海の男たちは、かように昔から、病と食の関係性を経験で理解していたのです」
「さっきから、黙っていれば……。
海軍ばかりが、若いお嬢さんと会話を楽しまれていますな」
話に割り込んできたのは、この中――老人を中心とした集まりでは、いくらか年若い男。
現役の陸軍大将、ミーアであった。
地位に相応しい形へ整えたヒゲをいじりながら、陸軍首脳の一人が口を開く。
「経験則といえば、陸軍にも存在する。
かつて、私が一介の少尉として隊の旗を担っていた頃……。
兵に配給されるのは、石のように硬い黒パンや、あるいはビスケットだった。
お嬢さんは、あれらを食べたことがおありですかな?」
「いえ……ありません」
口をつぐんだ婚約者に、そっと告げてやることにする。
「あんなものは、お前が食べる必要はない。
歯が欠けるぞ」
「ふん。
ゲミューセ殿下ともあろう方が、何を情けない」
「先王が聞けば、嘆きますぞ」
軍の将官というより、親戚を説教する老人といった風に参席者たちが責め立ててきた。
これだから、この老人たちは苦手なのだ。
「と、話が逸れましたな」
肩をすくめる自分から目を逸らし、再びミーアが口を開く。
「我らの苦労話をする場ではなかった。
ともかく、あの時代、脚気などというものは、そうそう見られるものではなかったのです。

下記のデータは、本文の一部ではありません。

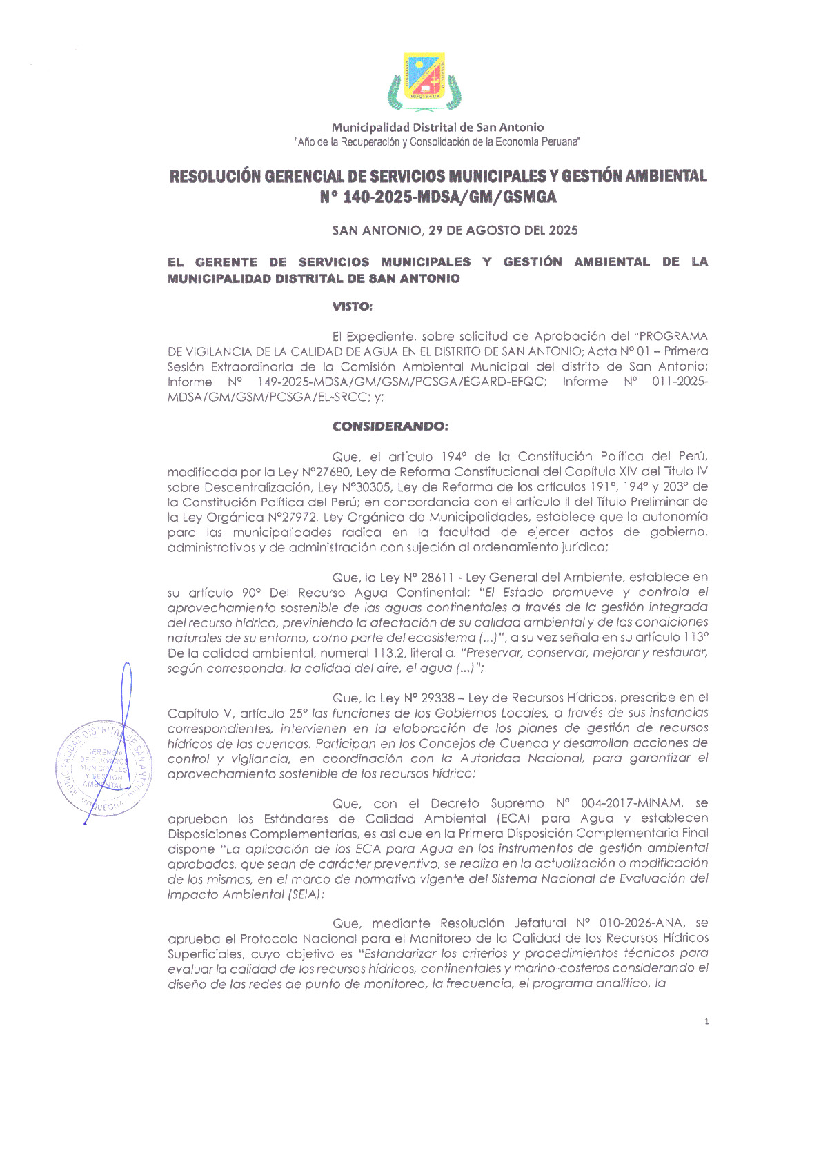 Aprobación del Programa de Vigilancia de la Calidad de Agua en el Distrito de San Antonio

もっとも、兵たちと同じ食事に音を上げ、専属の料理人などを連れていた貴族上がりの士官は別でしたが……。
あのような者は、病気より先に敵兵の刃や銃弾で死んだものだ」
ミーアの言葉に、陸軍の者たちがうんうんとうなずく。
彼らにとって、そのような士官は仲間と呼べる存在でなかったに違いない。
「つまり……。
海軍と陸軍の総意として、現状兵に与えている食事が、脚気を引き起こしていると?」
これまでの話を総括して、スプラが老人たちを見回す。
これに、異を唱える者はいなかった。
そうなると、当然ながら気になってくることがある。
スプラは、単刀直入にそこを突いた。
「なら、どうしても気になることがあります。
食事が原因だと推測できていて、今まで、改善されなかったのですか?」
途端に立ち込める重苦しい空気……。
一同を代表したのは、やはりマリネーである。
「それが難しいのです。
例えば、今現在に配給している白パンを、昔ながらの黒パンへと変更する……。
これをすれば、反発は免れません」
「陸軍としても、同意を示します。
兵の募集においては、食うに困ることがなくなることを、第一に宣伝しているのです。
特に、庶民では滅多に食べられない白パンを常食できることは、強く謳っております」
これは、ゲミューセも承知していることだ。
実態として、栄光ある大勇帝国軍の半数近くは、他で食っていけなかった者たちや、貧しき食生活からの脱却を志した者で占められているのである。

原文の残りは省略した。